Arrêtons-nous un instant, au cœur de cette histoire palpitante, pour rendre un dernier hommage aux étoiles mortes au champ d’honneur de l’évolution. Ces mères-porteuses pleine d’abnégation, qui ont tout sacrifié à leurs enfants.

-Amen ! -Attends, tu es incorrigible ! je tiens à leur dédier un petit poème de ma composition : Comme des roses sans pétales ayant perdu leur splendeur Tourbillonnent les pulsars sur leurs noyaux effondrés Sombrent les trous noirs dans la gravité Pleurent les naines blanches, dénudées en avalanche Mais de leurs robes rutilantes, de leurs lambeaux arrachés

Marée fertile et abondante, dentelles irisées L’Espace et le Temps Préparent un Grand Lit Brodé… Ce Lit accueillera les Merveilleux Amants d’une nouvelle Super Production, dont on

parle déjà chez les Peoples. Seules ont filtré quelques bribes d’informations. C’est un scoop en quelque sorte : « Dans le mitan du lit, la rivière est profonde Tous les chevaux du roi pourront y boire ensemble… » …. Mais chut ! Pas d’indiscrétion ! -Tu es incroyable et anachronique, tout de même, avec tes citations ! Dans un temps

où il n’y a ni lit, ni rivière, pas plus que de chevaux et de rois ! -J’anticipe ! voilà tout !… à présent tournons la page du Grand Livre… Notre abattement fut de courte durée. Et notre progéniture, elle, était bien loin d’être à

bout de souffle. Nés des étoiles-soleils, nos noyaux-briques se comportaient comme tous jeunes gens

qui échappent à leur famille : ils formaient des bandes chahuteuses qui ne désirent rien tant que se dépenser. Quoi de mieux qu’une fête, pour fédérer les énergies !

As-tu remarqué ? L’Univers adore les fêtes ! Et voilà que s’organisent des bals gigantesques, sur les scènes intersidérales. Moulés dans leurs gaines, gelés dans leurs gemmes, les cristaux, les gaz, déclenchent

des torrents de jazz et s’articule bientôt un vaste opéra-rock. Un super-concert se met en place. Attention ! Ça va commencer !

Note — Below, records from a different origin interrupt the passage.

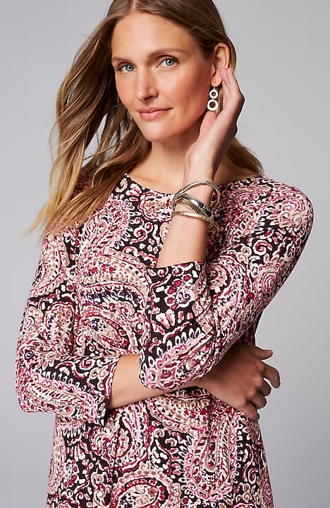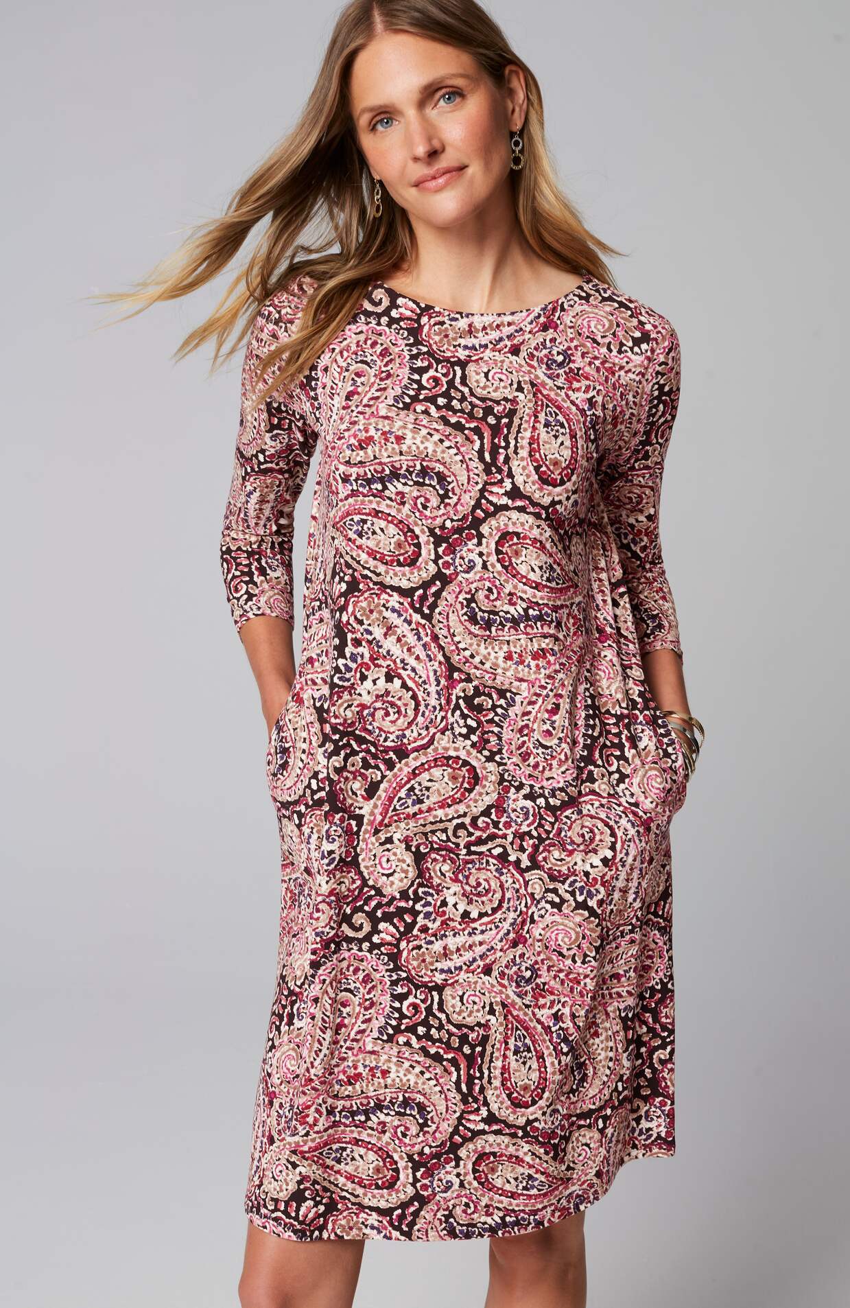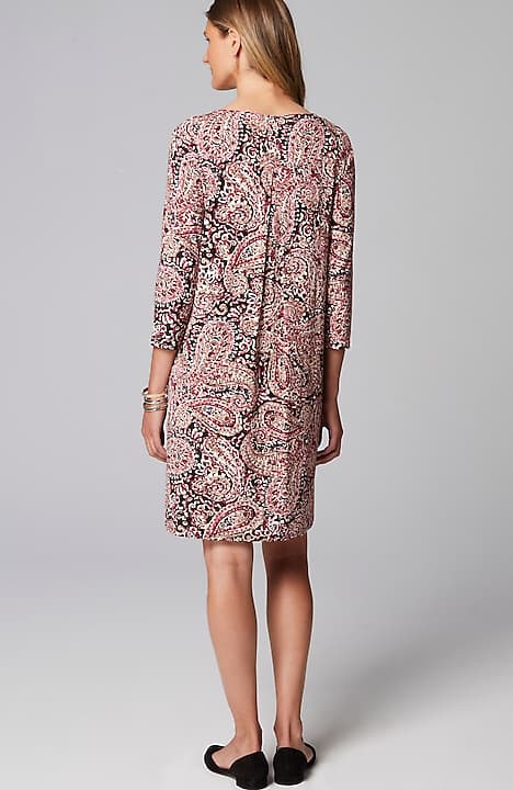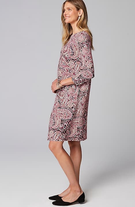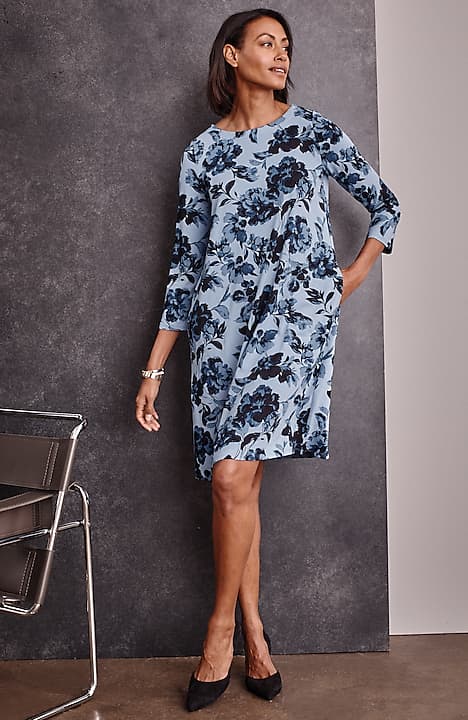 A classic A-line silhouette, thoughtfully placed back pleats and pockets—our knit dress is simply timeless. Made from soft LENZING™ ECOVERO™ Viscose fibers (plus a little Lycra® spandex for stretch). The manufacturing of LENZING™ ECOVERO™ Viscose fibers generates up to 50% lower emissions and water impact compared to generic viscose. Unlined.
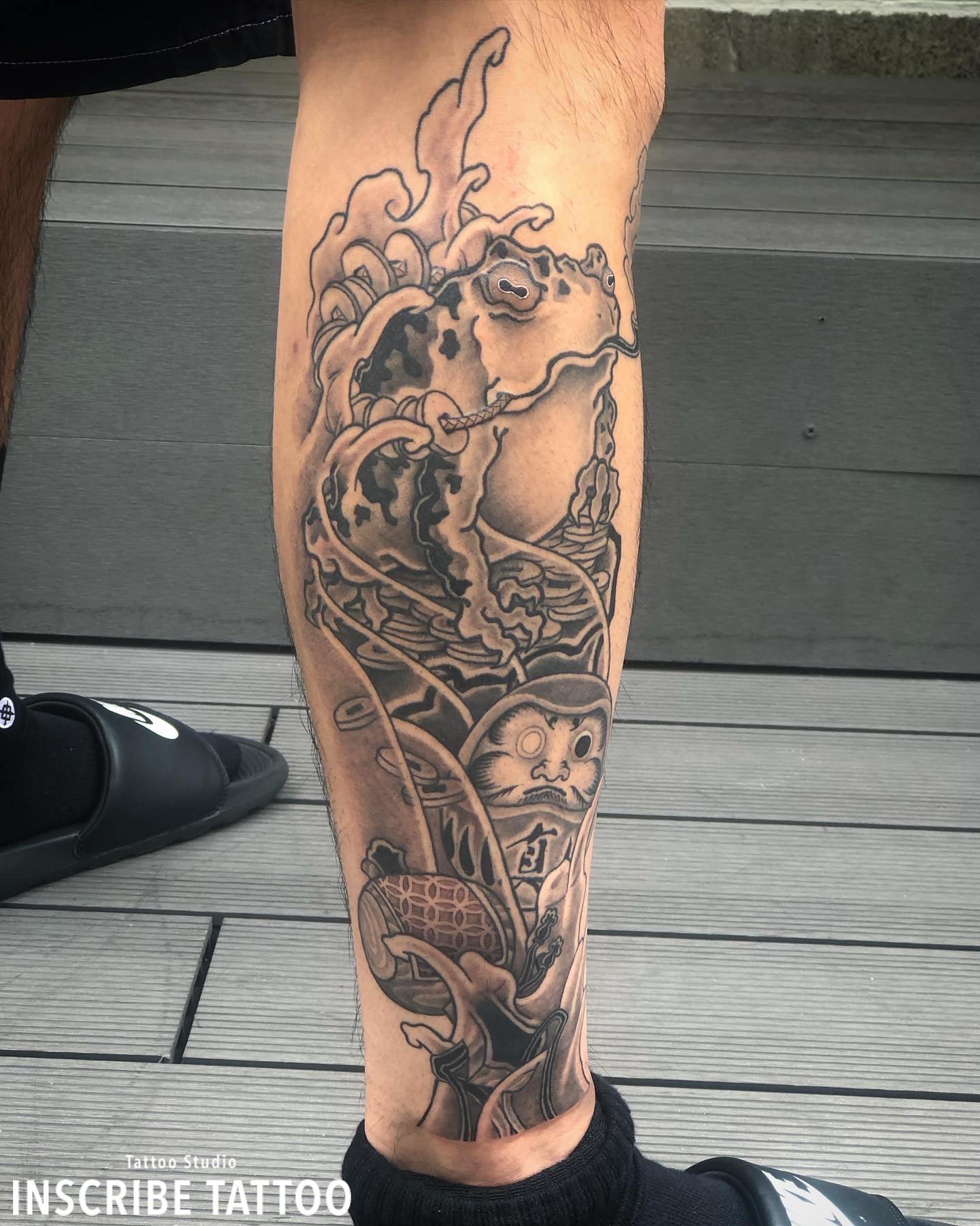 脹脛に錢蛙と達磨と打ち出の小槌のタトゥー、刺青です。
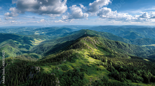 Obraz premium 美しい緑が広がる夏の山並みの風景
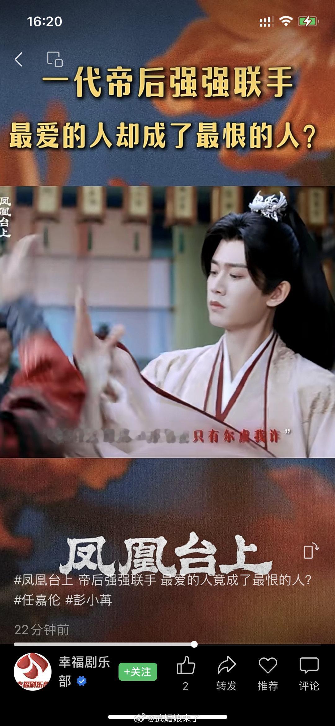 江苏卫视视频号发任嘉伦的凤凰台上预告预热了!!快开播吧!等不及了!
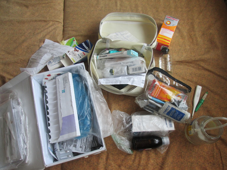 После: Коробки две - детская и взрослая, также косметичка для медтехники. И файл со всеми инструкциями. Отдельно стоят медикаменты первой помощи. Написала список что докупить.
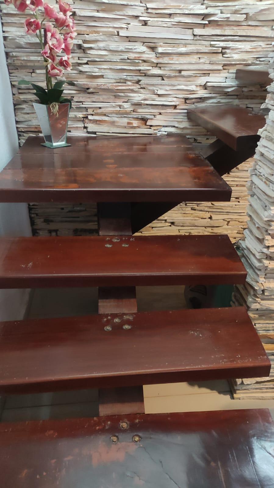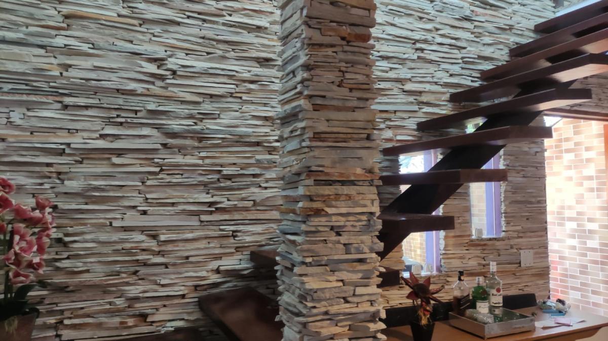 Sala aconchegante com decoração em pedras e madeiras de Massaranduba, trazendo charme e elegância.
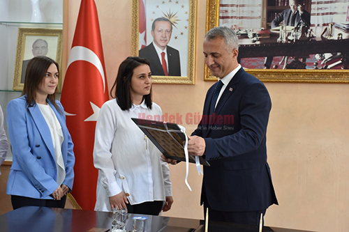 Hendek Belediyesi İmar İşleri Personeli Hendek Belediye Başkanı Turgut Babaoğlu’na Hayırlı olsun ziyaretinde bulunurken, Belediye Başkanlığı koltuğuna oturan Babaoğlu için anlamlı bir hediye verdiler.
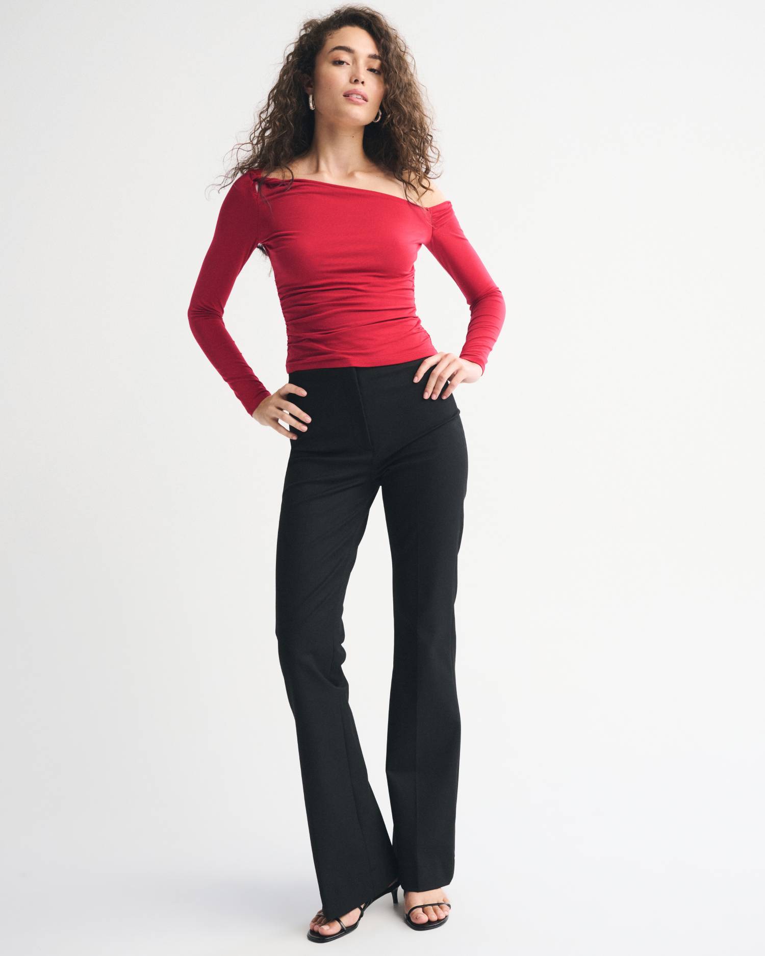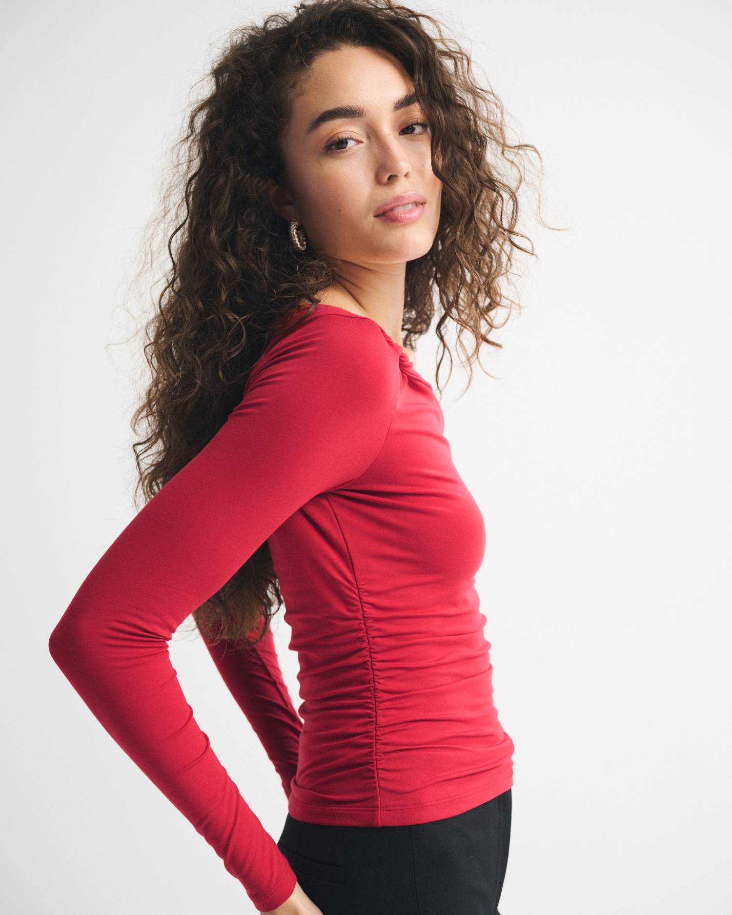Slim-fitting long-sleeve top in our softAF cotton-modal fabric. Features an asymmetrical neckline, ruching details along the bodice and twisted detail on the shoulders. Imported.

Pleins feux sur la diva, la nouvelle héroïne : LA MATIÈRE ! Ska, funky, reggae, hard rock, rap et techno, valse lente, tango, paso-doble, rumba,

salsa, samba et même menuet, ils ont tout joué, tout chanté, tout dansé. L’Univers n’est plus qu’une immense île de Wight, un gigantesque Woodstock,

tourbillonnant dans l’espace. Et le concert dura longtemps… Des milliards d’années… de quoi faire rêver le plus fanatique des cinglés de musique. -Frères, à vos iPod ! -Toujours poussés par la force de gravité, cette nouvelle vague repartait pour un tour

de Manège Enchanté. La Grande Roue qui engendre les étoiles et les galaxies.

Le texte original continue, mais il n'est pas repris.